= Rabih Haddad =

Co-founder of Global Relief Foundation

Rabih Haddad is the Executive Director of the Global Anti-Aggression Campaign (GAAC). He also co-founded the Global Relief Foundation (GRF), an Illinois-based charity.

==Life==
===Early life===
Rabih Haddad was born into a largely Christian family in Lebanon not long before the Lebanese civil war.

===Education===
He began his studies at the American University of Beirut but moved to the United States when his parents feared for his safety during the Lebanese civil war.

===Religious conversion and spiritual journey===
Rabih's father was Presbyterian and his mother was Greek Orthodox, but Rabih was never baptized, as his parents wanted him and his brothers to be able to choose their own religion once they were old enough. As a teenager, Rabih started attending a Baptist church in Lebanon with his grandfather. He began to question how Christ could be a prophet and son of God.

When he was 17, he was introduced to Buddhism by a friend. His curiosity about Buddhism did not last long and at 18 he became interested in Islam. He converted to Islam at age 19, shortly after meeting his wife al-Rushaid, who was a Muslim. For a while he did not practice Islam despite having converted, but once he moved to the U.S. he began to attend Friday prayers.

===Family life===
He married al-Rushaid in 1987 in Ohio, where she had been studying. Between 1988 and 1992 the couple split time between Pakistan and Kuwait. In 1993, they moved from Kuwait to Chicago, where the Global Relief Foundation had already been established. In 1996, they moved back to Kuwait before returning to the United States in 1998. By 1999 they moved to Ann Arbor where Haddad continued to work for GLF.
They have children, Sana, Sami, and Rami, and currently live in Lebanon.

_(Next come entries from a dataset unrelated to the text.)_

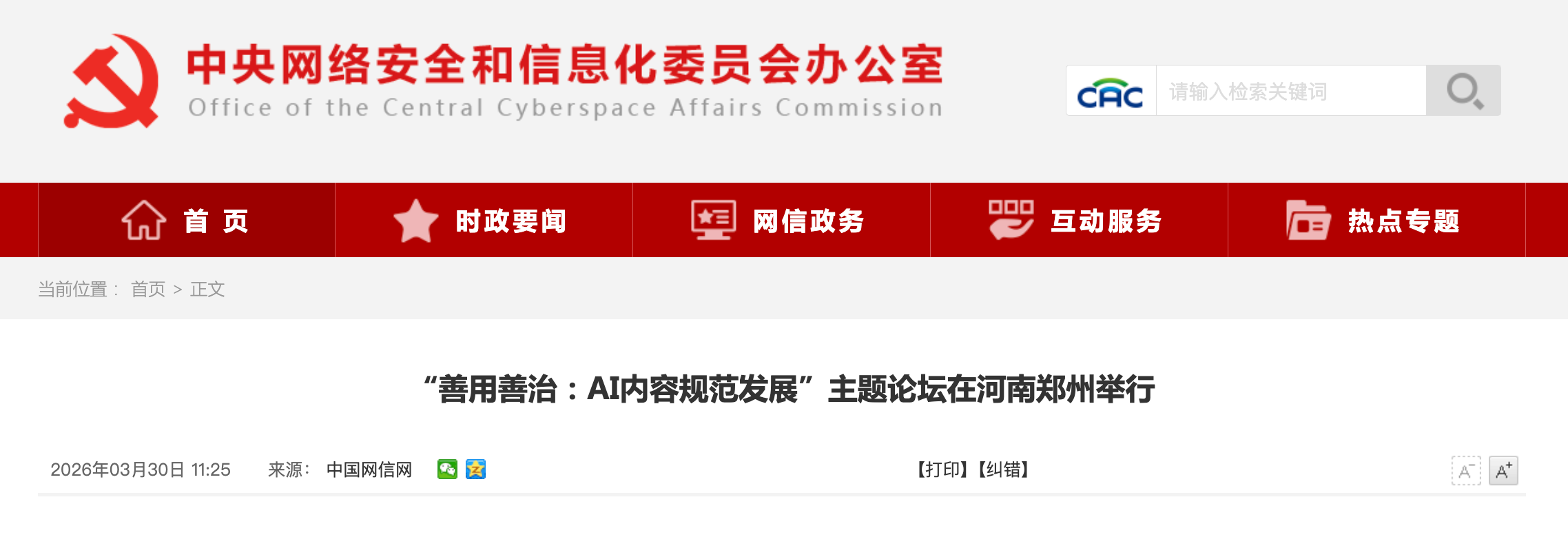 信息来源:中央网络安全和信息化委员办公室 https://www.cac.gov.cn/2026-03/30/c_1776530774554878.htm
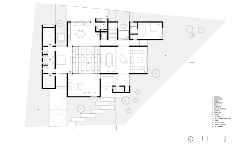 Acolhuas House staat in een woonwijk van de heuvelige stad Guadalajara in Mexico. De naam van de woning verwijst naar de Acolhua; een cultuur verwant aan de Azteken. De vrijstaande villa grenst aan een dichtbebost, openbaar park. De woning is verder omringd door tuinen. Voor het waarborgen van de privacy is de woonruimte daarom gerangschikt rond een patio. De woonfuncties zijn verdeeld over verscheidene rechthoekige volumes die verspringen in hoogte. Ze zijn afgestemd op het uitzicht van buren en op het verhullen van een massieve wand van het pand ernaast. Alle ruimten bieden uitzicht op de tuin of op de centrale patio. Een ereplaats in de woning is gemaakt voor de Bösendorfer-vleugel. Het instrument, overkoepeld door metselwerk gewelven, staat in het midden van de woning en definieert de formele zitkamer en eetruimte aan weerszijden.
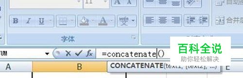 点击B2,在上方的函数中输入=concatenate(A1, A2,A3,A4),如下图: 注意文本字符串之间是用逗号隔开的!
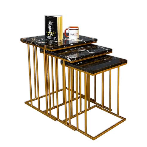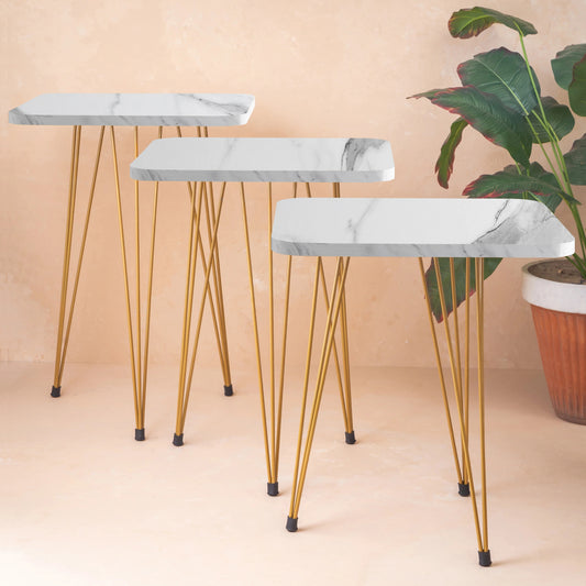Marble-Finish Nesting Tables - Wooden Top with Metal Frame for Living Room | Metal Furniture
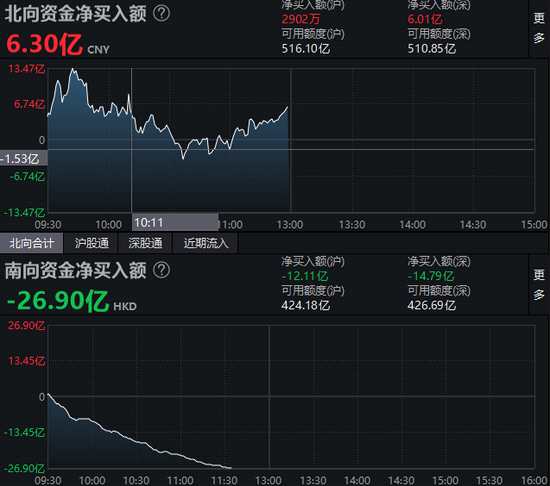 午評:北向資金半日凈流入6.30億元 滬股通凈流入2902萬元
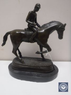 A bronze figure of a horse and jockey on marble base

Haddad also served as a fundraiser for the Ann Arbor chapter of the Council on American-Islamic Relations (CAIR). While living in Ann Arbor he also served as an imam at the Islamic Center in Ann Arbor where he also taught school and gave lectures.

==Global Relief Foundation==
Global Relief Foundation, also known as Fondation Secours Mondial (FSM), was started in 1992 as a non-profit charitable organization, and became the largest Islamic charity in the United States.

Rabih Haddad served as GRF's president throughout the 1990s and 2000.

==Detroit Free Press v. Ashcroft==
In January 2002, several news organizations, the American Civil Liberties Union, and U.S. Representative John Conyers (D-Detroit) sued Attorney General John Ashcroft, Immigration Judge Elizabeth Hacker, and Michael Creppy, who was the nation's chief immigration judge. They demanded that the hearings be opened and the records be made public. This suit was initiated due to Rabih Haddad's closed hearings. Haddad and his attorney later also filed a lawsuit demanding that his hearings be open to the public.

In April 2002 U.S. District Court Judge ruled that his hearings must be opened but the Justice Department appealed the decision. His hearings were then opened and he was granted a new bond hearing with a new judge.

==Global Anti-Aggression Campaign==
The Global Anti-Aggression Campaign (GAAC) was started in Qatar by Dr. Abd al-Rahman al-Nuaimi, a founding member of the Sheikh Eid Organization. It was formed in 2003 to create an Islamist network that campaigns against Western imperialism in the Muslim world. The campaign organizes yearly conferences. Rabih Haddad serves as the group's Lebanese chief, who was appointed by the Sheikh Eid Organization to optimize the Salafi activities of the group. Rabih Haddad currently serves on the board of trustees. Nuaimi also currently still serves on the Board of Trustees of GAAC.